### [Task]
Using the data below, return word for word every line from the one holding "Apple & Oranges" down to the one holding "2408_092.Cozy Christmas mantel". Leave pictures out.

### [Records to use]
-*-*-

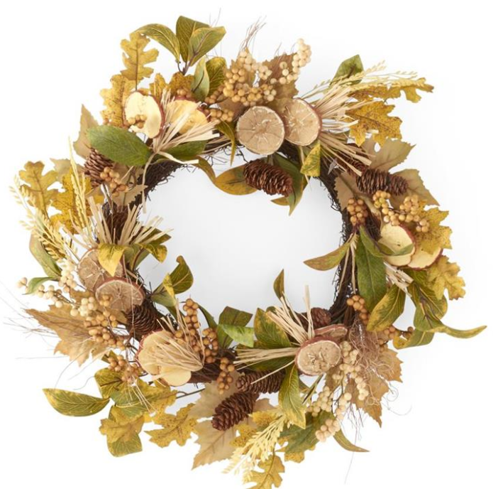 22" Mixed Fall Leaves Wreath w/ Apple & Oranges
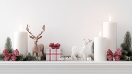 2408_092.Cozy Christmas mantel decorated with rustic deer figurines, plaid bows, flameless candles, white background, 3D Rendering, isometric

-*-*-

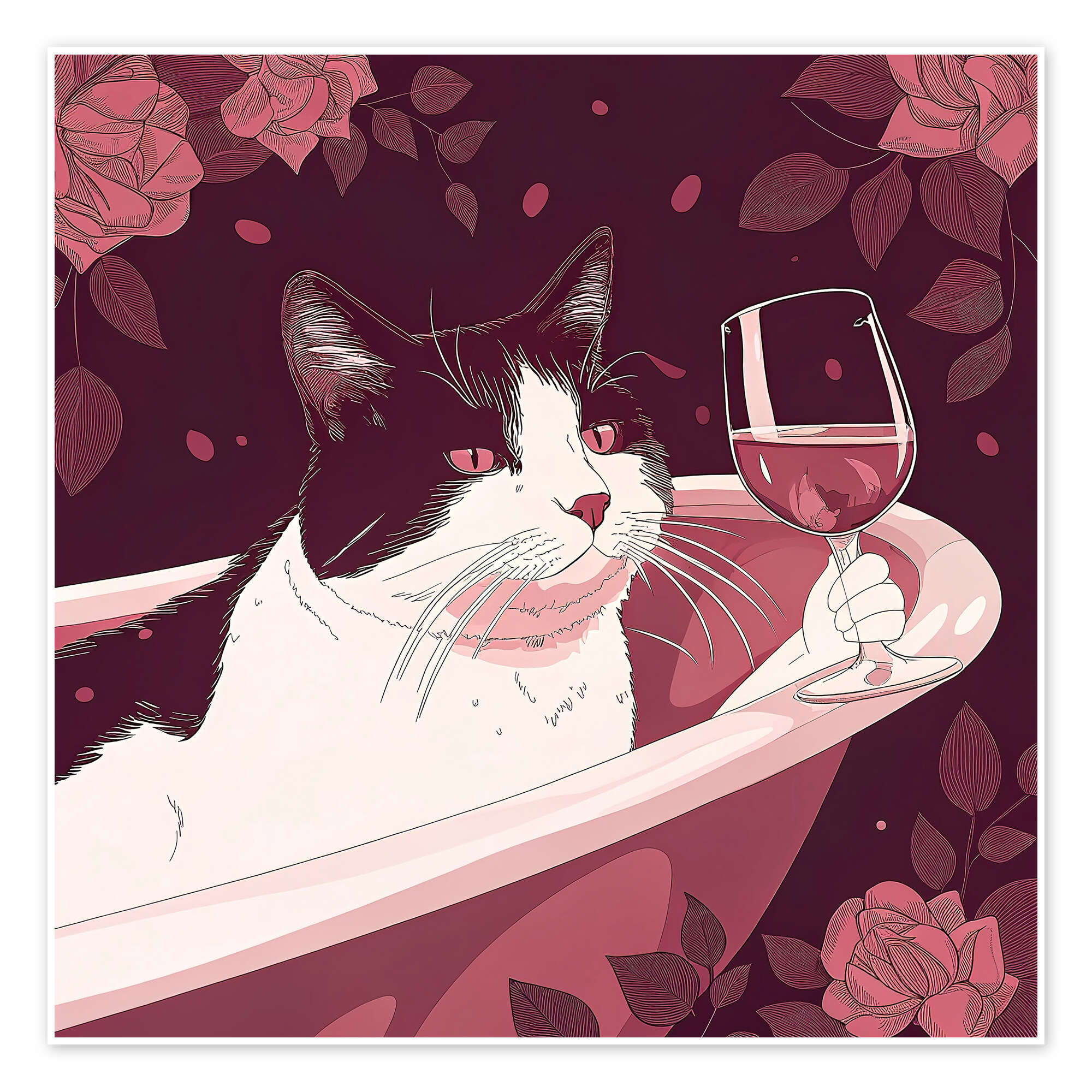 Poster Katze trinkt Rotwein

-*-*-

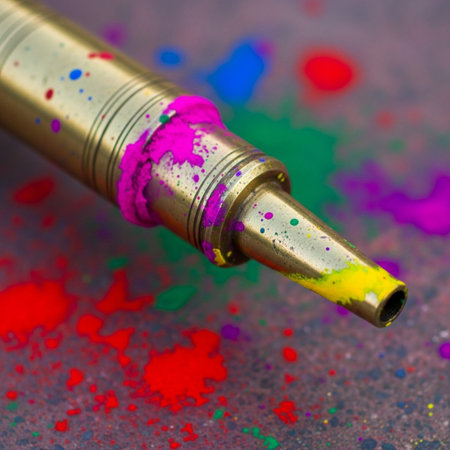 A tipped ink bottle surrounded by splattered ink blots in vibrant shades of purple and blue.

-*-*-

### [Worked solution]
 22" Mixed Fall Leaves Wreath w/ Apple & Oranges
 2408_092.Cozy Christmas mantel decorated with rustic deer figurines, plaid bows, flameless candles, white background, 3D Rendering, isometric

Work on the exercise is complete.